それぞれの地方が、豊かな自然や資源を最大限活用できるようになれば、持続可能な地域経済の実現が近づくだろう。さらに地方が持つ資源を融通し合う仕組みができれば、これまで以上に住みやすい環境を実現できるはずだ。だからこそ、さまざまな地域・企業・団体が、地域循環共生圏に注目しているのだ。

また環境省では一部、経済産業省・国土交通省と連携し、「脱炭素イノベーションによる地域循環共生圏構築事業」を展開。地域の自立・分散型エネルギーシステム構築事業や温泉熱等利活用による経済好循環・地域活性化促進事業、地域の脱炭素交通モデル構築支援事業に対して、補助金が支給される。令和5年度までの予定だ。(※3)

地域循環共生圏の取り組みとは? 3つの具体的事例

地域循環共生圏の取り組みには具体的にどんなものが挙げられるのだろうか。3つの事例を紹介しよう。

地域ぐるみの「森林」活用/岡山県真庭市

市内面積の79.2%が、森林である真庭市。「美作材(みまさかざい)」の産地として知られ、林業や木材業が主な産業だ。2015年4月から、間伐材や製材後の端材を燃料とした「真庭バイオマス発電所」をスタート。発電所は2万2千世帯分の電力を発電できる能力を有する。これは真庭市の全世帯の電力をまかなえる規模であり、産業とエネルギーの地域循環が進められている。(※4)

再生可能エネルギーの供給・循環/岩手県北地域

岩手県北部に位置する久慈市、二戸市、葛巻町、普代村、軽米町、野田村、九戸村、洋野町、一戸町は、2020年2月に「北岩手循環共生圏」を結成した。地域内でのさまざまな連携を目指している。

地域内は、豊かな自然を活用した多様な再生可能エネルギーに恵まれている。2019年2月には、横浜市と「再生可能エネルギーに関する連携協定」を締結。大都市圏との間で経済資源の循環を目指す。(※5)

エコタウンから資源循環へ/福岡県北九州市

日本を代表する工業都市として発展を遂げた北九州市。1997年に、国内初のリサイクル拠点となる「北九州エコタウン」を創設した。現在においても日本最大級の規模である。

エコタウンには、2018年3月末時点で、26社のリサイクル企業が集まっている。また環境学習や実証研究の拠点としても機能しており、最終的に廃棄物をゼロにするための資源循環に向けた仕組みを形成している。(※6)

地域循環共生圏の実現で地域課題の解決へ

SDGs達成や脱炭素化社会の実現のための取り組みとして、いま注目される地域循環共生圏。我々の身近でも、すでに具体的な取り組みがスタートしている。

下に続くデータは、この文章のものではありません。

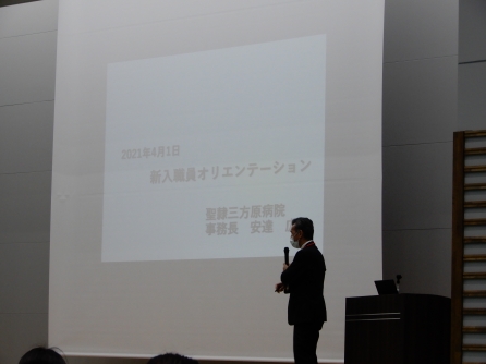 院長に続き私、そして事務長の話となり、私は医師オリのために病院大ホールへ移動しました。新入職者にとってはスーツで次から次の情報、緊張と疲労の1日だったのではないでしょうか。来週はいよいよ看護部導入研修が始まります!!
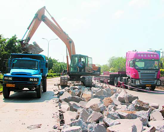 昨天上午,记者来到泰山路,在其中一些施工点,施工人员正驾驶大型机械,拆除破损的路面(见图)。而在海河路口与汕樟路口附近,两处破损的路面已经率先完成新路面的铺设,正在进行养护。据市政维修中心相关负责人陈先生介绍,泰山路路面维修工程分为两段,一段为泰山路金泰立交桥引道路段,全长516.25米,路面维修面积为1000平方米。另一段为长江路口至海河路口,全长约7公里,实际破损面积约1.8万平方米,现拟维修面积约1.1万平方米。泰山路路面维修分东、西两侧进行,现在已经进行泰山路东侧自北向南车道的维修。整个施工工期为50天,力争在侨博会之前全部完工。
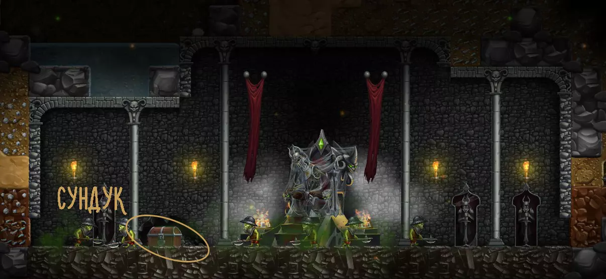该生物群系类似于单人游戏中的第一个世界。它具有相当大的深度尺寸,以及较高的土壤密度(空洞较少),这使得无法用魔法光来开启地图。必须深入挖掘才能获得最珍贵的资源。在获得良好的装备,最好还有更适合矮人职业的武器后,就可以前往地图中心了。这个 Boss 非常高大,无法通过高度为一格的通道。所以如果你将通往房间的通道设置为一格高度,就可以用弓箭手或法师对其射击,而它只能站在原地。因此在这个生物群系中,我推荐使用弓箭手或法师。不过,即使有弓箭手也并非易事,Boss 会时不时召唤僵尸来帮忙攻击你。 地下生物群系。目标:清理哥布林中央营地。摧毁藏身处内的哥布林宝箱即可获得胜利。
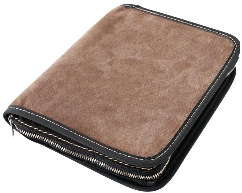 Přírodní kůže, kovový zip, ruční práce. Vhodné pro knihy o maximálních rozměrech: Výška: 24,5 cm, Šířka (součet 2x šířka + hřbet): 42,5 cm Kožený obal na knihu české ruční výroby. Obal na knihu je ušitý z pečlivě vybraných vepřových nebo hovězích kůží z českých a zahraničních koželužen. Na...
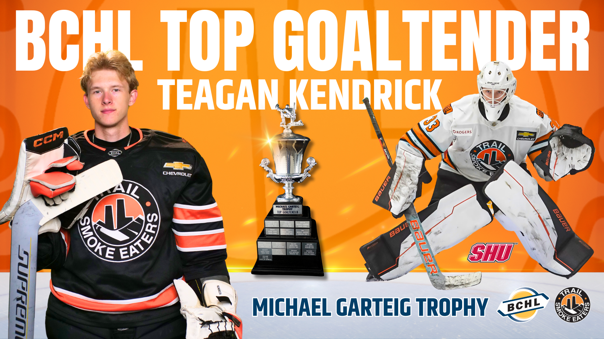 Teagan Kendrick named this year’s winner of the Michael Garteig Trophy as the BCHL’s Top Goaltender.
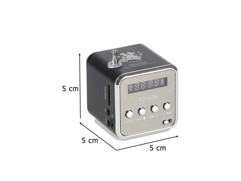 Rádio se sklopenou anténou (H/W/D): 5 cm x 5 cm x 5 cm
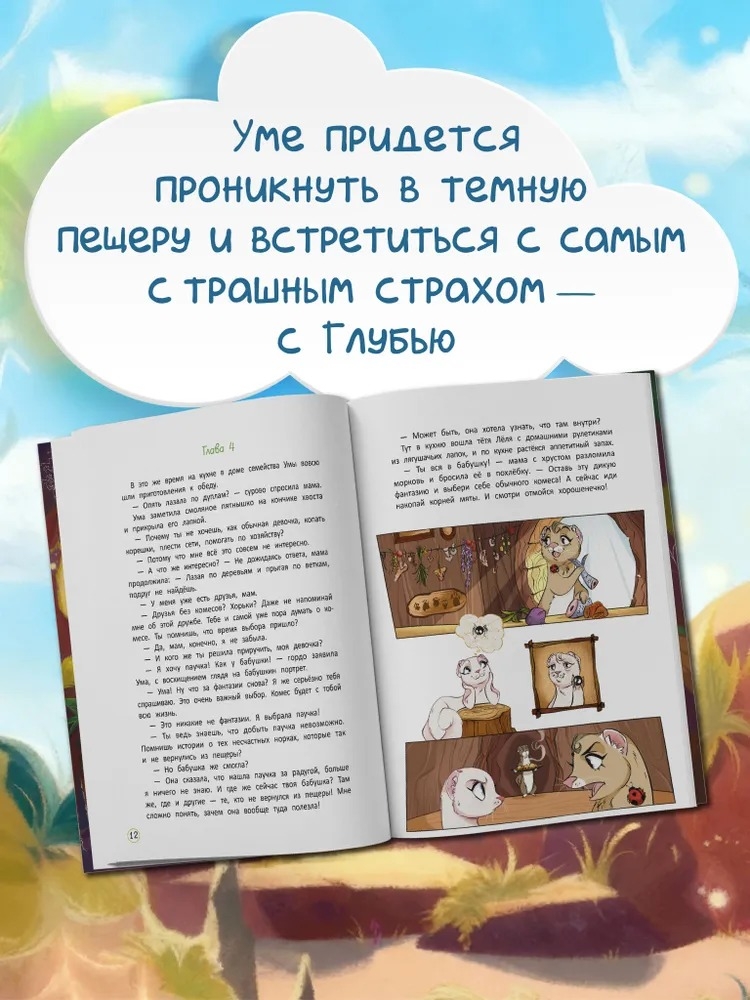 Белоснежной норке Уме пора выбирать своего комеса – компаньона на всю жизнь. Братья насмехаются над ней, и она обещает им приручить паучка – самого редкого комеса. Но чтобы найти паучка, Уме придётся проникнуть в тёмную пещеру и встретиться с самым страшным страхом – с Глубью. В путешествие она берёт с собой друга – хорька Листика. Вместе они проходят испытания, преодолевают свои страхи, и Ума понимает: чтобы справиться с Глубью, нужно перестать её бояться.
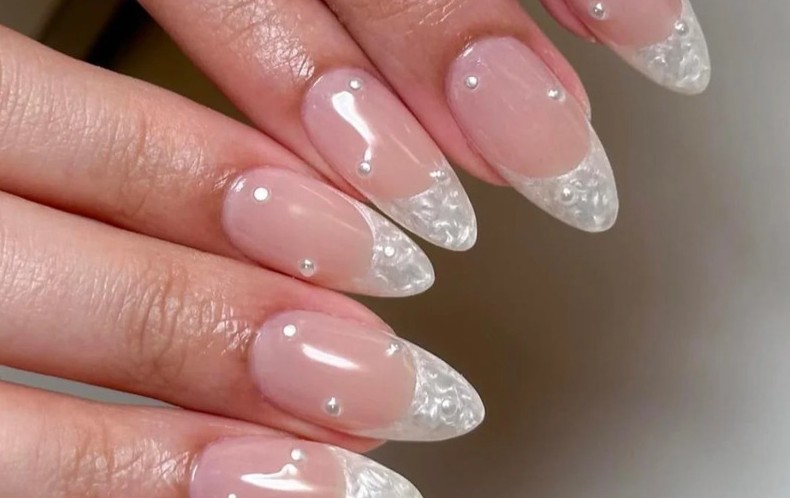 Техника выполнения несложная, но требует аккуратности. «Сначала выравнивается ногтевая пластина и наносится база — чаще всего полупрозрачная или молочная. Затем формируется линия френча: тонкая, четкая или, наоборот, слегка растушеванная. После этого добавляется жемчужный эффект — с помощью перламутрового топа или втирки», — рассказывает мастер по маникюру. Важно не переборщить: сияние должно оставаться деликатным, а не уходить в яркий металлик.

地域循環共生圏の目的は、それぞれの地域が持つ自然や資源を有効活用し、地域同士が協力し合うシステムを生み出すことである。何を活かしていくのかは、地域ごとの特色が表れるだろう。各地域で具体的にどういった取り組みが行われているのか、ぜひ注目してみてほしい。

※掲載している情報は、2022年4月21日時点のものです。